This year, World Radio Day is being celebrated under the theme “Radio and Diversity”. Indeed, radio remains the most widely consumed information medium in Nepal, with the unique ability to reach out to the widest audience. Radio has the ability to shape a society’s diversity and stand as an arena for all voices to speak out, be represented and heard.
Nepali radio broadcasters have done a commendable job to ensure that correct and timely information is reaching the people living in the most remote areas, who often do not have access to newspapers, television or the Internet.
The media landscape is fast changing worldwide and in Nepal. It is essential to invest more to make the sector stronger, and also to counterbalance the present increased risks of the fast spread of disinformation and fake news.
A strong, free and independent media is the foundation for peace, democracy and development. It is necessary for people to be able to express themselves without fear.

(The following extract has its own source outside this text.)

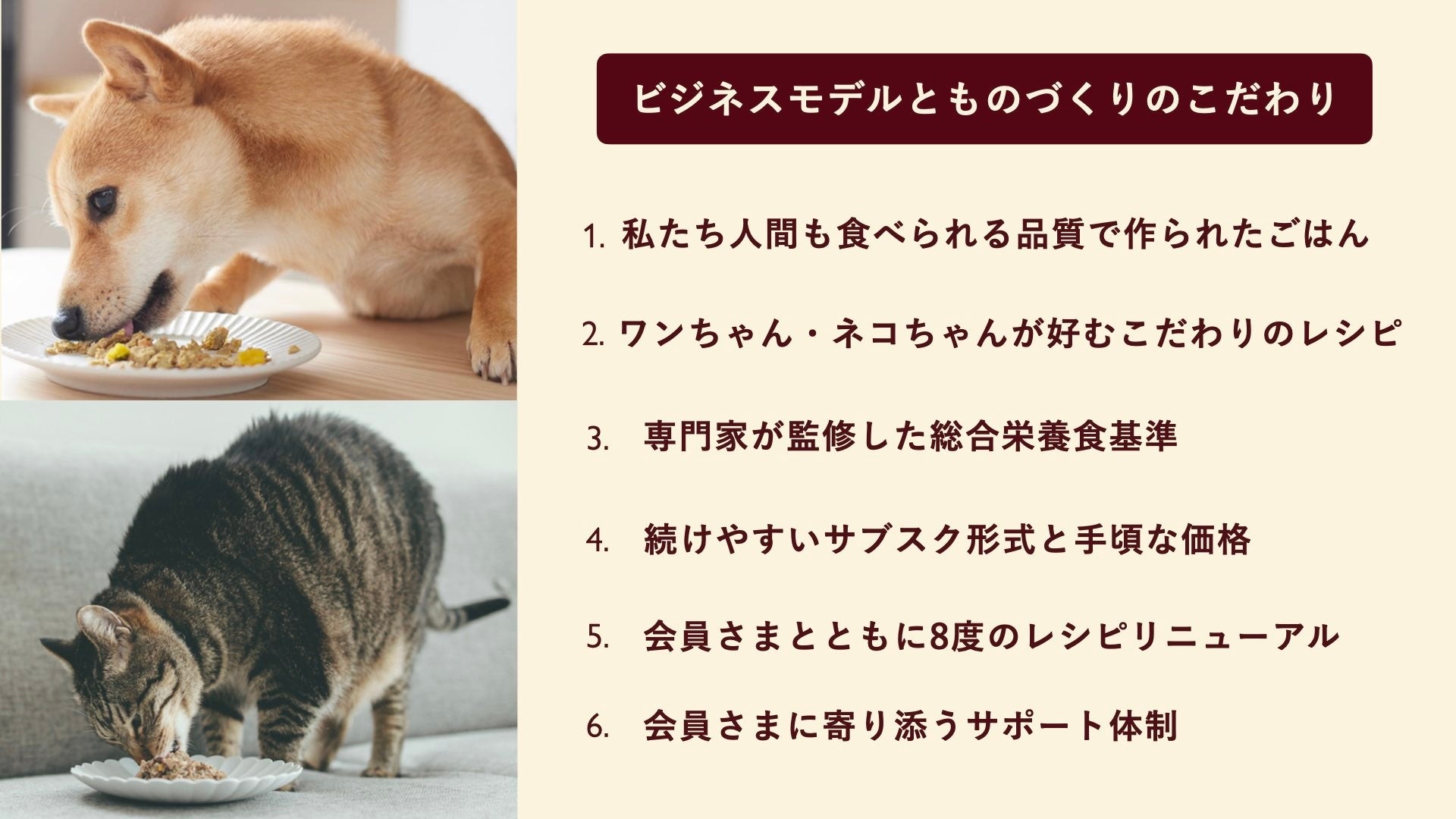 事業内容:フレッシュペットフード「ココグルメ」「ミャオグルメ」の製造及び販売などのペット事業

The Constitution of Nepal guarantees fundamental rights, including the freedom of expression, right to communication, right to information and privacy. It gives guarantees against censorship and closure and interruption of media, including electronic and broadcast media. These basic rights in the spirit of the Constitution as well as Nepal’s international commitments will strengthen Nepal’s democracy.

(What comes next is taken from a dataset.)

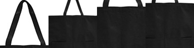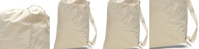 12 oz cotton canvas; 18" x 24"; Cotton web handles; Drawstring closure; Non-branded label/tag;

On this World Radio Day, we appeal to the country’s decision makers and believe that Nepal will adopt all media-related policies to provide a conducive environment for media freedom. To achieve the Sustainable Development Goals by leaving no one behind, it is important to ensure diversity of ownership, participation, location and content of radio-based media in Nepal. This will catalyze the empowerment and development of marginalized people.
Nepal has a history of seven decades of radio journalism. More than 600 private, public and community radios are dedicated to serving their communities through the dissemination of information, education and entertainment. The first community radio in South Asia was established in Nepal in 1996 and the numbers have only increased. UNESCO has supported community radios since then, and in 2019, with the support of UNESCO, Association of Community Radio Broadcasters Nepal (ACORAB) formulated a set of recommendations on a media policy, which was presented to the government. They included endorsement of the universally agreed-upon definition of community broadcasting, allocation of frequencies, ensuring ownership and participation of community members in radio stations, establishment of an independent regulatory agency for media, and setting up an independent fund for the development of the broadcasting sector, all of which we hope will receive the government's highest consideration.
UNESCO echoes its commitments to support Nepal in promoting press freedom, safety of journalists, gender equality in media, freedom of expression and access to information for all.